Putusan PN Bandung Inkrah, Eksekusi Bangunan Asia Afrika Masih Tertunda
Diminta Tegakkan Wibawa Hukum dan Putusan Pengadilan
Abdurahman menekankan pentingnya menjaga kewibawaan lembaga peradilan. Menurutnya, putusan pengadilan tidak boleh berhenti sebatas dokumen hukum tanpa implementasi nyata di lapangan.
“Kami tetap percaya Kepolisian Negara Republik Indonesia dapat memberikan jaminan keamanan serta mendukung terpeliharanya ketertiban masyarakat, khususnya dalam pelaksanaan permohonan resmi Pengadilan Negeri Bandung,” ujarnya.

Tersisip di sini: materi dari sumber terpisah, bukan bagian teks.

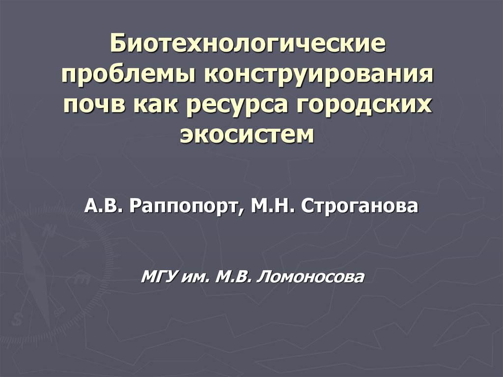 1. Биотехнологические проблемы конструирования почв как ресурса городских экосистем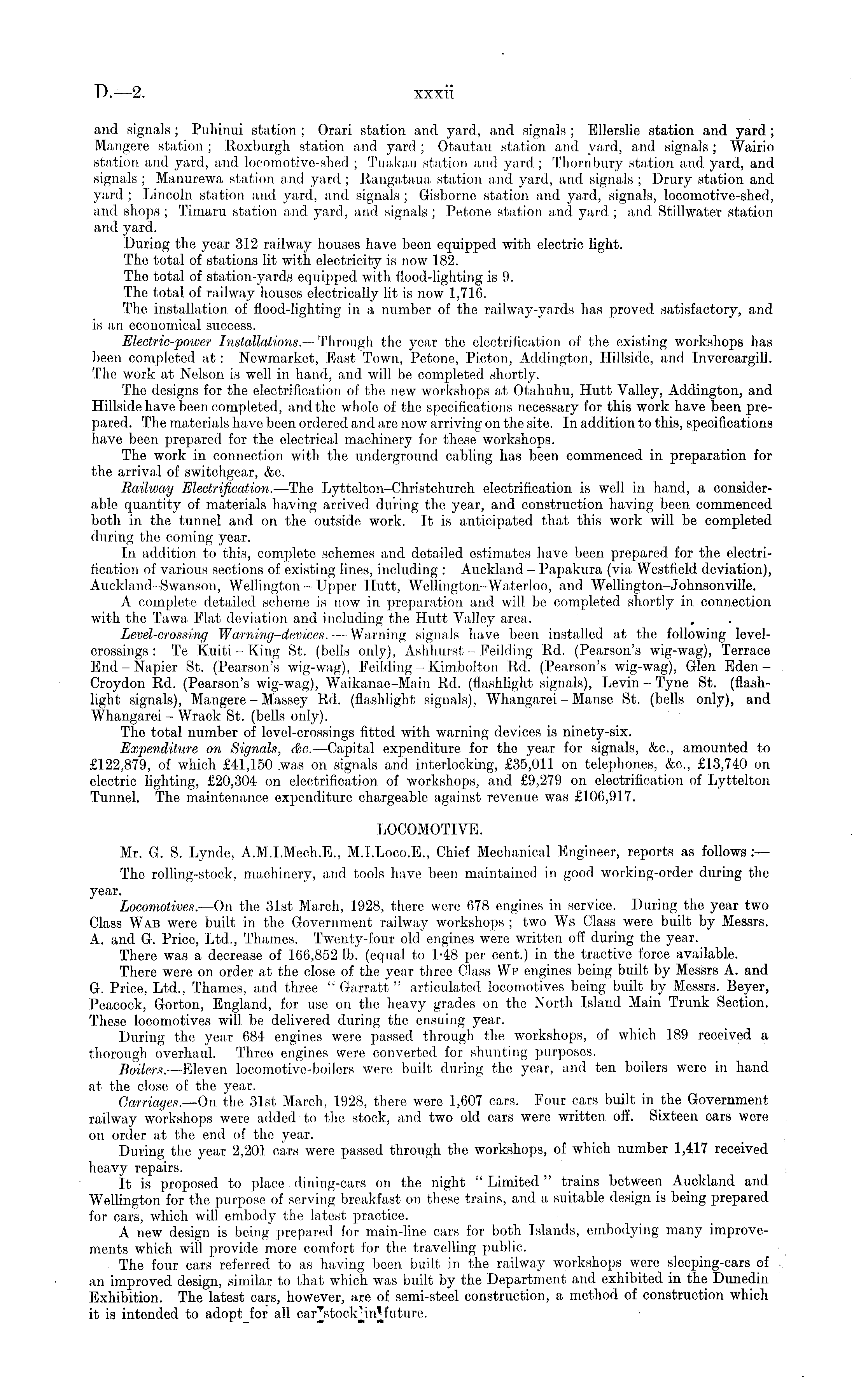 and signals ; Puhinui station ; Orari station and yard, and signals ; Ellerslie station and yard ; Mangere station ; Roxburgh station and yard.; Otautau station and yard, and signals ; Wairio station and yard, and locomotive-shed ; Tuakau station and yard.; Thornbury station and yard, and signals ; Man urewa station and yard ; Rangataua station and yard, and signals ; Drury station and yard; Lincoln, station and yard, and signals; Gisborne station and yard, signals, locomotive-shed, and shops ; Timaru station and yard, and signals ; Petone station and yard ; and Stillwater station and yard. During the year 312 railway houses have been equipped with electric light. Tho total of stations lit with electricity is now 182. The total of station-yards equipped, with flood-lighting is 9. The total of railway houses electrically lit is now 1,716. The installation of flood-lighting in a number of the railway-yards has proved satisfactory, and is an economical success. Electric-power Installations. —Through the year the electrification of the existing workshops has been completed at: Newmarket, East Town, Petone, Picton, Addington, Hillside, and Invercargill. The work at Nelson, is well in hand, and will be completed, shortly. The designs for the electrification of tho new workshops at Otahuhu, Hutt Valley, Addington, and Hillside have been completed, and the whole of the specifications necessary for this work have been prepared. The materials have been ordered and are now arriving on the site. In addition to this, specifications have been prepared for the electrical machinery for these workshops. The work in connection with the underground cabling has been commenced in preparation for the arrival of switchgear, &c. Railway Electrification. —The Lyttelton-Christchurch electrification is well in hand, a considerable quantity of materials having arrived during the year, and construction having been commenced both in the tunnel and on the outside work. It is anticipated that this work will be completed during the coming year. In addition to this, complete schemes and detailed estimates have been prepared for the electrification of various sections of existing lines, including : Auckland - Papakura (via Westfield deviation), Auckland-Swanson, Wellington - Upper Hutt, Wellington-Waterloo, and Wellington-Johnsonville. A complete detailed scheme is now in preparation and will be completed shortly in connection with the Tawa, Flat deviation and including the Hutt Valley area. Level-crossing Warning-devices. — Warning signals have been installed at the following levelcrossings : Te Kuiti - King St. (bells only), Ashhurst - Feilding Rd. (Pearson's wig-wag), Terrace End-Napier St. (Pearson's wig-wag), Feilding - Kimbolton Rd. (Pearson's wig-wag), Glen EdenCroydon Rd. (Pearson's wig-wag), Waikanae-Main Rd. (flashlight signals), Levin - Tyne St. (flashlight signals), Mangere - Massey Rd. (flashlight signals), Whangarei - Manse St. (bells only), and Whangarei -Wrack St. (bells only). The total number of level-crossings fitted with warning devices is ninety-six. Expenditure on Signals, &c. —Capital expenditure for the year for signals, &c, amounted to £122,879, of which £41,150 .was on signals and interlocking, £35,011 on telephones, &c, £13,740 on electric lighting, £20,304 on electrification of workshops, and £9,279 on electrification of Lyttelton Tunnel. The maintenance expenditure chargeable against revenue was £106,917. LOCOMOTIVE. Mr. G. S. Lynde, A.M.I.Mech.E., M.1.L0c0.E., Chief Mechanical Engineer, reports as follows:— The rolling-stock, machinery, and tools have been maintained in good working-order during the year. Locomotives. —On the 31st March, 1928, there were 678 engines in service. During the year two Class Wab were built in the Government railway workshops ; two Ws Class were built by Messrs. A. and G. Price, Ltd., Thames. Twenty-four old engines were written off during the year. There was a decrease of 166,852 lb. (equal to 1-48 per cent.) in the tractive force available. There were on order at the close of the year three Class Wf engines being built by Messrs A. and G. Price, Ltd., Thames, and. three " Garratt " articulated locomotives being built by Messrs. Beyer, Peacock, Gorton, England, for use on the. heavy grades on the North Island Main Trunk Section. These locomotives will be delivered during the ensuing year. During the year 684 engines were passed through the workshops, of which 189 received a thorough overhaul. Throe engines were converted for shunting purposes. Boilers. —Eleven locomotive-boilers were built during the year, and ten boilers were in hand at the close of the year. Carriages. —On the 31st March, 1928, there were 1,607 cars. Four cars built in the Government railway workshops were added to the stock, and. two old cars were written offi. Sixteen cars were on order at the end of the year. During the year 2,201 cars were passed through the workshops, of which number 1,417 received heavy repairs. It is proposed to place. dining-cars on the night "Limited" trains between Auckland and Wellington for the purpose of serving breakfast on these trains, and a suitable design is being prepared for cars, which will embody the latest practice. A new design is being prepared for main-line cars for both Islands, embodying many improvements which will provide more comfort for the travelling public. The four cars referred to as having been built in the railway workshops were sleeping-cars of an improved design, similar to that which was built by the Department and exhibited in the Dunedin Exhibition. The latest cars, however, are of semi-steel construction, a method of construction which it is intended to adopt for all car'stockMnJfuture.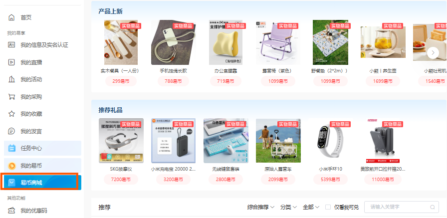 至【个人中心】-【易币商城】兑换礼品,累计的易币可以到易币商城,换取你喜欢的商品,免费邮寄到家,礼品不定时更新哦~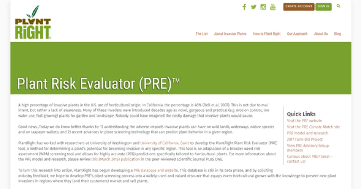 One of the ways by which PlantRight accomplishes this is by use of the Plant Risk Evaluator (PRETM) tool (https://plantright.org/approach/pre/). The tool assesses whether a species has a high or low risk of becoming invasive in a particular area or whether the species requires more research to assess potential invasiveness. PlantRight worked with researchers at University of California-Davis and University of Washington to develop the PRE tool (https://doi.org/10.1371/journal.pone.0121053).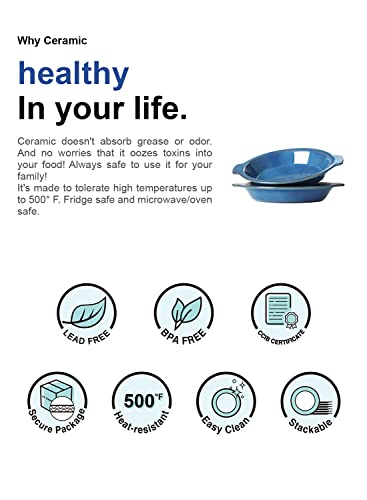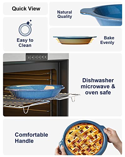 LE TAUCI Ceramic Pie Pans, 9 inch Baking Plates with Handles, Deep Pie Dish for Apple Pie, Pecan Pie, 36 Ounce – Set of 2, Ceylon Blue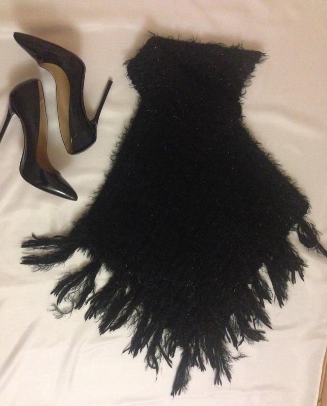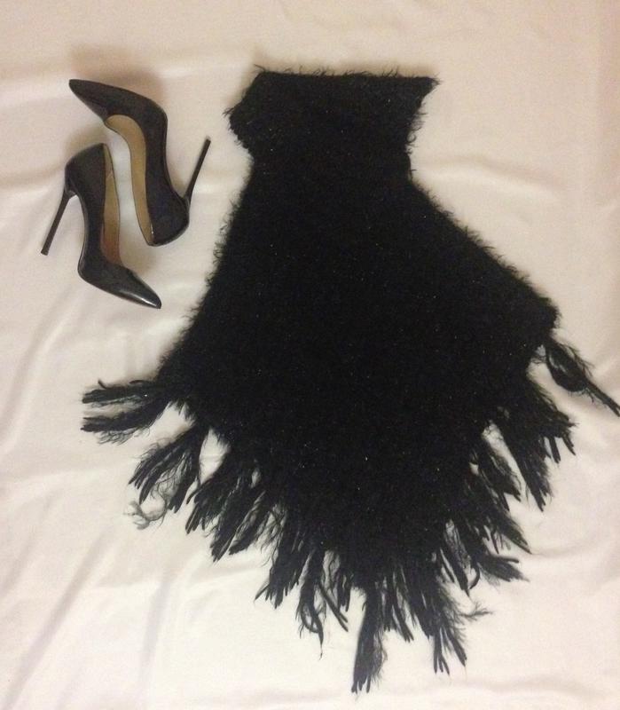 Пончо з горлом, светр - травичка з блискучою ниткою і пензликами

Status Termohon Disebut Hanya Penyewa, Bukan Pemilik
Dalam penegasannya, Abdurahman juga menyatakan bahwa hubungan hukum antara termohon eksekusi dengan objek sengketa sejak awal hanyalah hubungan sewa menyewa, bukan kepemilikan.
“Termohon bukan pemilik sah tanah dan bangunan di Jalan Asia Afrika No. 24. Hak sewanya telah berakhir, bahkan puluhan tahun tidak membayar uang sewa, sehingga tidak dapat dijadikan dasar untuk terus menguasai objek perkara,” jelasnya.
Ia menambahkan, termohon justru meminta perlindungan dari kuasa hukum yang juga merupakan bagian dari organisasi massa untuk tetap menguasai aset tersebut.
“Kondisi ini sangat memprihatinkan karena penguasaan aset tidak lagi berdasarkan hak hukum, melainkan perlindungan kekuatan massa. Hal ini berpotensi mencederai prinsip negara hukum dan kewibawaan putusan pengadilan,” tandasnya.